● **Directions**
The output should match, line for line, the records from the line containing "戸谷成雄 《双影景(ミニマルパロックIV)》 2008年" through the line containing "Lietuvos vaikai grįžta į mokyklą su šypsena", with every picture left out.

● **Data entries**
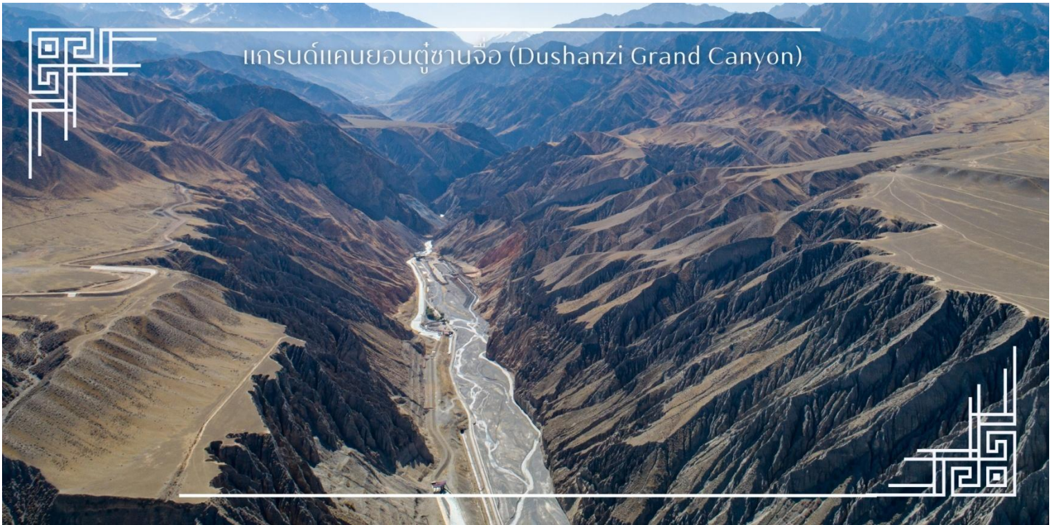
แกรนด์แคนยอนดูซานจื่อ (Dushanzi Grand Canyon)

เที่ยง บริการอาหารเที่ยง ณ ภัตตาคาร (มื้อที่2) นำท่านเดินทางสู่ เมืองโบล่่อ หรือ ป่อเอ่อเล่อ(Bole) (ใช้เวลาเดินทางประมาณ 3.30 ชั่วโมง) ตั้งอยู่ทางตอนเหนือของเขตปกครองตนเองซินเจียงอุยกูร์ เมืองศูนย์กลางของเขตปกครองตนเองมองโกลบอร์ตالا โดดเด่นด้วยภูมิประเทศที่โอบล้อมด้วยทุ่งหญ้ากว้างใหญ่ ทะเลสาบใสสะอาด และแนวเทือกเขาสูงตระหง่าน
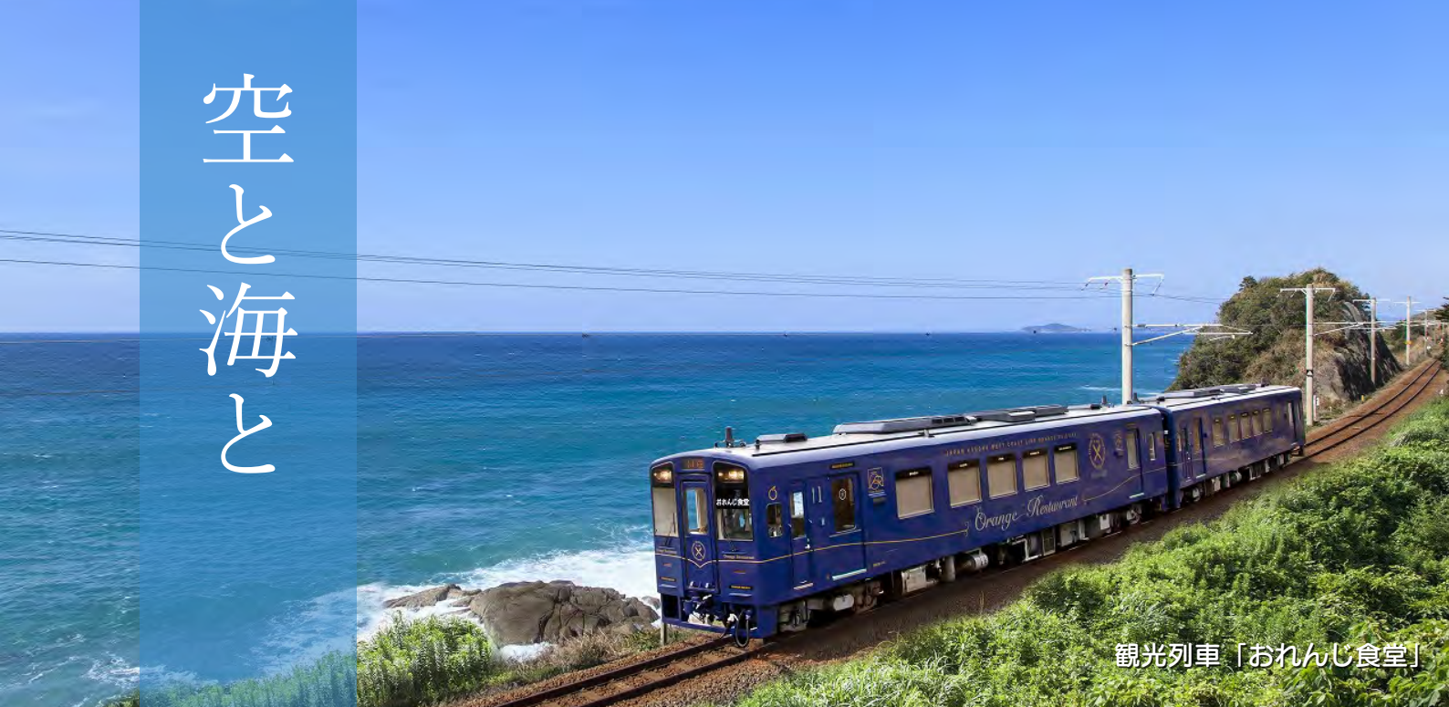
観光列車「おれんじ食堂」
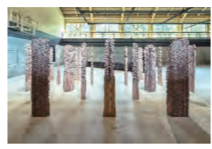
戸谷成雄 《双影景(ミニマルパロックIV)》 2008年

日時 ①1月29日(金) 18:00～20:00 (シンビズムとは) ②1月30日(土) 13:30～15:30 (長野登恵子・戸谷成雄作品について) ③1月31日(日) 13:30～15:30 (母袋俊也・小山利枝子作品について) 場所 まちなかキャンパスうえだほか 対象 高校生以上 定員 15名(応募多数時は抽選) 料金 無料 申し込み 1月9日(土)～15日(金)に、電話またはホームページの問合せフォームから。
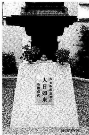
高知・高野寺境内の小堂
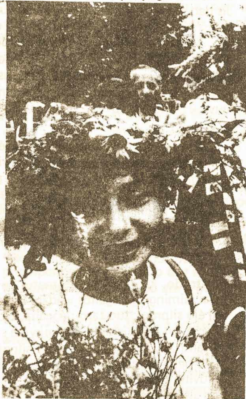
Lietuvos vaikai grįžta į mokyklą su šypsena

Kreipiamės ir į jus, brangūs moksleiviai, kurie augate religijai abejingose, gal net priešiška nustačiusiose šeimose. Jūsų tėveliai galbūt neturėjo galimybės giliau susipažinti su religija, katalikų tikėjimu. Ateistinės propagandos įtako-
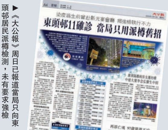
▶《大公報》周日已報道當局只向東頭邨居民派樽檢測，未有要求強檢
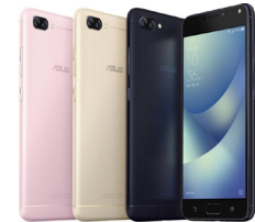
ZenFone 4 Max ZC520KL (3G/32G)

ASU-X00ID-4A031TH (Black) ASU-X00ID-4I033TH (Pink)

● **Answer area**
戸谷成雄 《双影景(ミニマルパロックIV)》 2008年

日時 ①1月29日(金) 18:00～20:00 (シンビズムとは) ②1月30日(土) 13:30～15:30 (長野登恵子・戸谷成雄作品について) ③1月31日(日) 13:30～15:30 (母袋俊也・小山利枝子作品について) 場所 まちなかキャンパスうえだほか 対象 高校生以上 定員 15名(応募多数時は抽選) 料金 無料 申し込み 1月9日(土)～15日(金)に、電話またはホームページの問合せフォームから。
高知・高野寺境内の小堂
Lietuvos vaikai grįžta į mokyklą su šypsena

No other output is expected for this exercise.